Dr. Balser undertook internship on the Osler Medical Service, residency training in anesthesiology, and fellowship training in cardiac anesthesiology and in critical care medicine at Johns Hopkins in Baltimore, MD. He joined the Johns Hopkins faculty in 1995, where he practiced cardiac anesthesiology, ICU medicine, and led an NIH-funded research program aimed at the genomic underpinnings of cardiac rhythm disorders. He returned to Vanderbilt in 1998, was appointed chair of the Department of Anesthesiology in 2001 and became VUMC’s chief research officer in 2004. In 2008/09, he was named Dean of the school of medicine and Vice Chancellor for health affairs with executive responsibility for all medicine-related educational, research, and clinical service programs, responsibilities that continue since 2016 in his role as President and CEO of VUMC and dean of the school of medicine at VU. 

William Ferniany, PhD

CEO

UAB Health System

A senior leader in health care since 1975, Dr. Will Ferniany is Chief Executive Officer of the UAB Health System and the new UAB-St. Vincent’s Alliance. In this role, Dr. Ferniany oversees a $5+ billion, 11-hospital health system that includes a wholly-owned insurance plan.

Dr. Ferniany holds a PhD in Administration - Health Services and a Master of Science in Hospital and Health Administration from the University of Alabama at Birmingham. His undergraduate degree is from the University of Alabama. 

Ferniany has been a senior fellow in the Leonard Davis Institute of Health Economics, an adjunct faculty member of the Wharton School, the School of Health Related Professions at the University of Mississippi as well as an instructor in the University of Pennsylvania and University of Alabama’s Schools of Medicine. 

Dr. Ferniany has served on many regional national health administration boards including the Alabama Hospital Association (past chair), Association of American Medical Colleges, University Health Consortium, Council of Teaching Hospitals (past chair), Vizient, and the University of Miami Health System.

Janis Orlowski, MD, MACP

Chief Health Care Officer

Association of American Medical Colleges

As chief health care officer, Janis M. Orlowski, MD, MACP, focuses on the interface between the health care delivery system and academic medicine, especially how academic medical centers can leverage their expertise in research and innovation to support emerging reforms.
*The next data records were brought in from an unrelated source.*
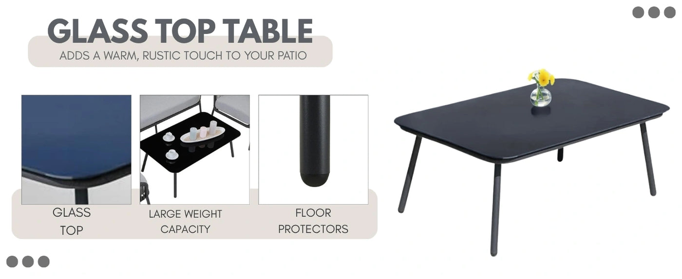 - Glass-Top Coffee Table : Glass top provides a stable, scratch-resistant surface. Easy to clean and ideal for serving drinks, snacks, or displaying decor.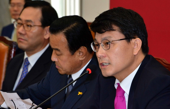 | ▲ 세월호참사와 6.4지방선거, 총리후보자의 연이은 낙마사태등으로 위기에 직면한 새누리당이 '새누리를 바꾸는 혁신위원회(새바위)를 출범시키고 본격적인 개혁에 착수했다. 새바위위원장에는 20대의 이준석 전 대선캠프 비대위원을 임명했다. 비대위원에는 4선의 정병국의원, 재선의 김용태 황영철의원 초선의 강석훈 의원 등 중진과 초재선의원과 국내최고의 SNS전문가인 김철균 전박근혜대선캠프 SNS본부장, 조동원 홍보기획본부장 등 다양한 인사들이 참여했다. 새누리당 윤상현 사무총장과 이완구 원내대표 주호영 정책위의장(오른쪽부터)이 30일 새누리당의 혁신방안을 협의하고 있다. | ||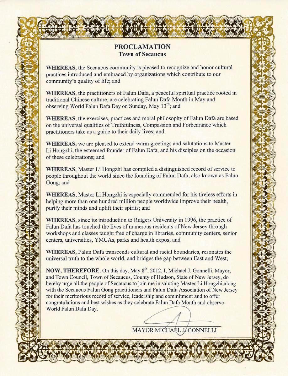 大型集体炼功之后的庆祝活动一开始, 宫奈立先生和议员碧璐女士即代表舍考克思市居民祝贺“新泽西法轮大法月”和“世界法轮大法日”,并由碧璐女士全文宣读褒奖状,感谢法轮大法的创始人李洪志先生为全世界上亿人的身体健康和道德升华所做的无私奉献,也感谢新泽西的无数法轮功学员为洪扬大法所做的努力。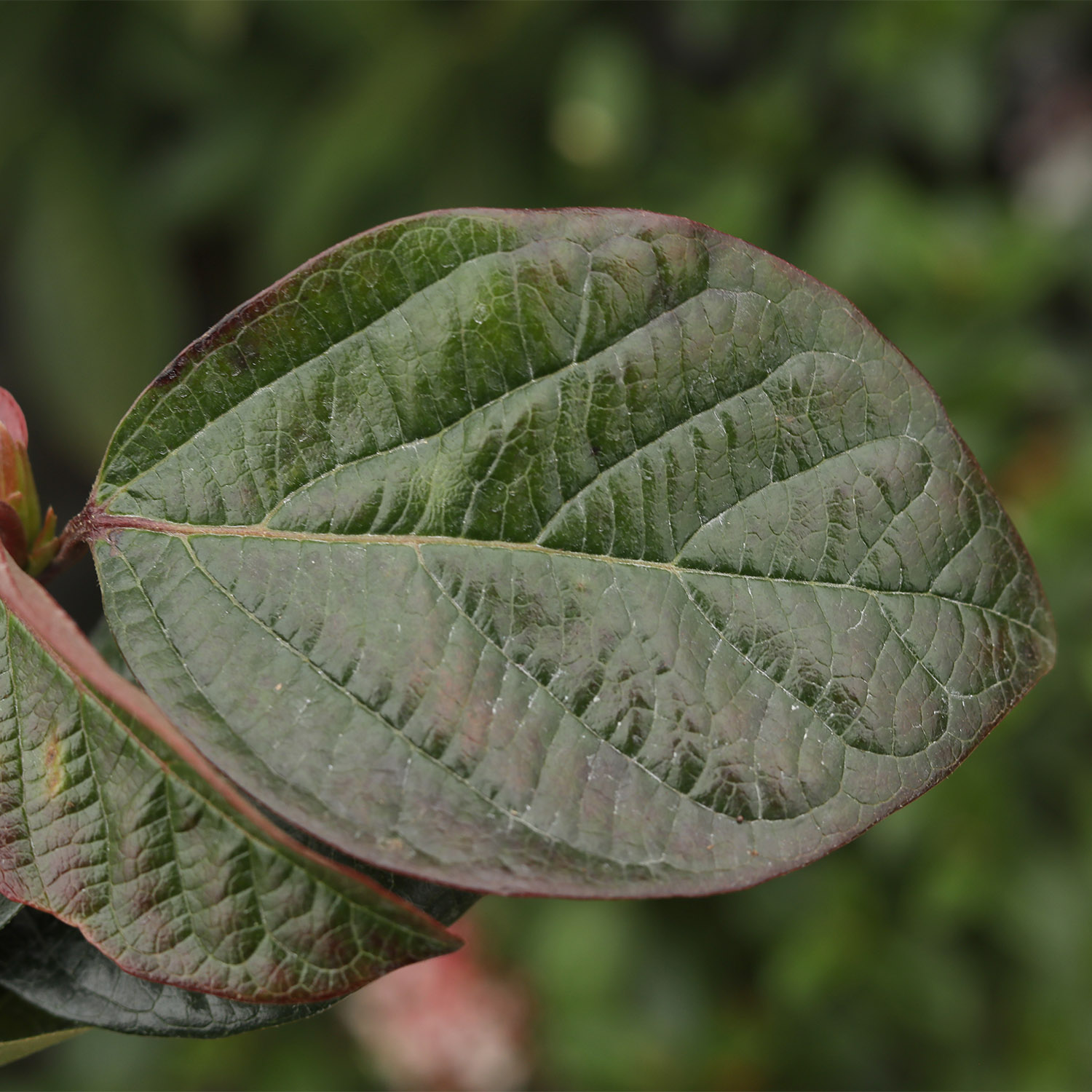 - rot umrandete, glänzende Blätter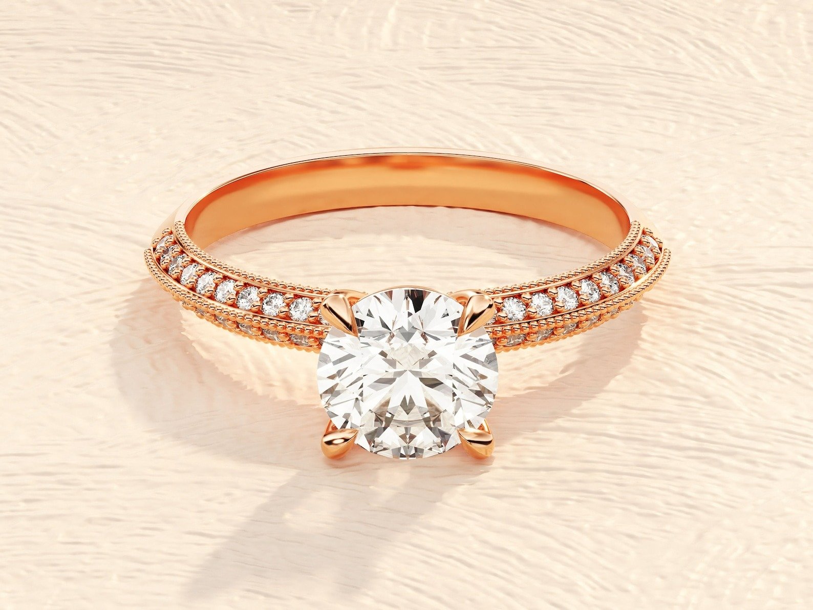 The Round Cut 1 ct Lab Grown Diamond Engagement Ring by The Karat Store offers timeless elegance and sustainability. Available in 18k gold with options for rose, yellow, or white gold, and featuring VVS-VS clarity and E-F colour diamonds, this ring is perfect for the eco-conscious couple.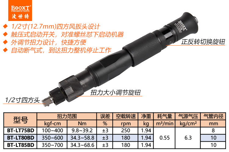 東莞市強(qiáng)勁五金工具有限公司提供臺(tái)灣BOOXT波世特品牌氣動(dòng)工具,可調(diào)氣動(dòng)螺絲刀BT-LT85BD廠家直銷,首件享特價(jià)。咨詢熱線:4008301980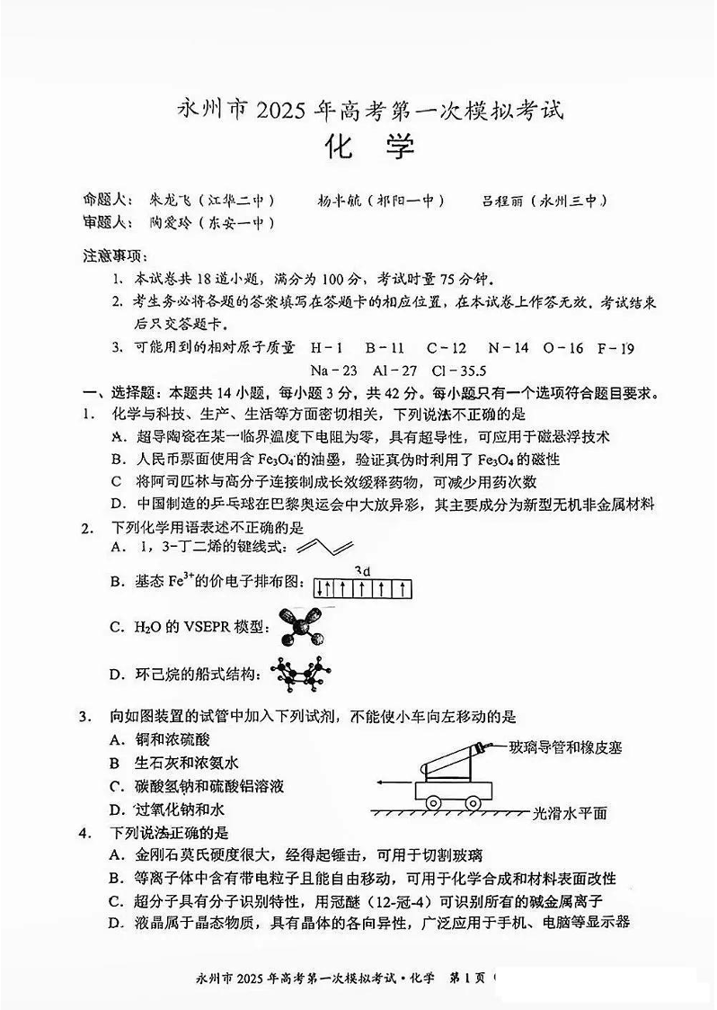 湖南省永州市2025年高考第一次模拟考试+化学

She leads several AAMC groups, including the Council of Teaching Hospitals and Health Systems (COTH), which represents the interests of approximately 400 major teaching hospitals and health systems, including 64 Department of Veterans Affairs medical centers. Dr. Orlowski joined the AAMC after serving as the chief operating officer and chief medical officer of MedStar Washington Hospital Center, in Washington, D.C. From 2004-2013, Dr. Orlowski oversaw the medical staff, clinical care, quality, patient safety, medical risk, perioperative services, ambulatory care, and medical education programs. Prior to MedStar Washington, she served as associate vice president and executive dean of the Rush University Medical School in Chicago. Dr. Orlowski earned her bachelor’s degree in biomedical engineering from Marquette University and her medical degree from the Medical College of Wisconsin.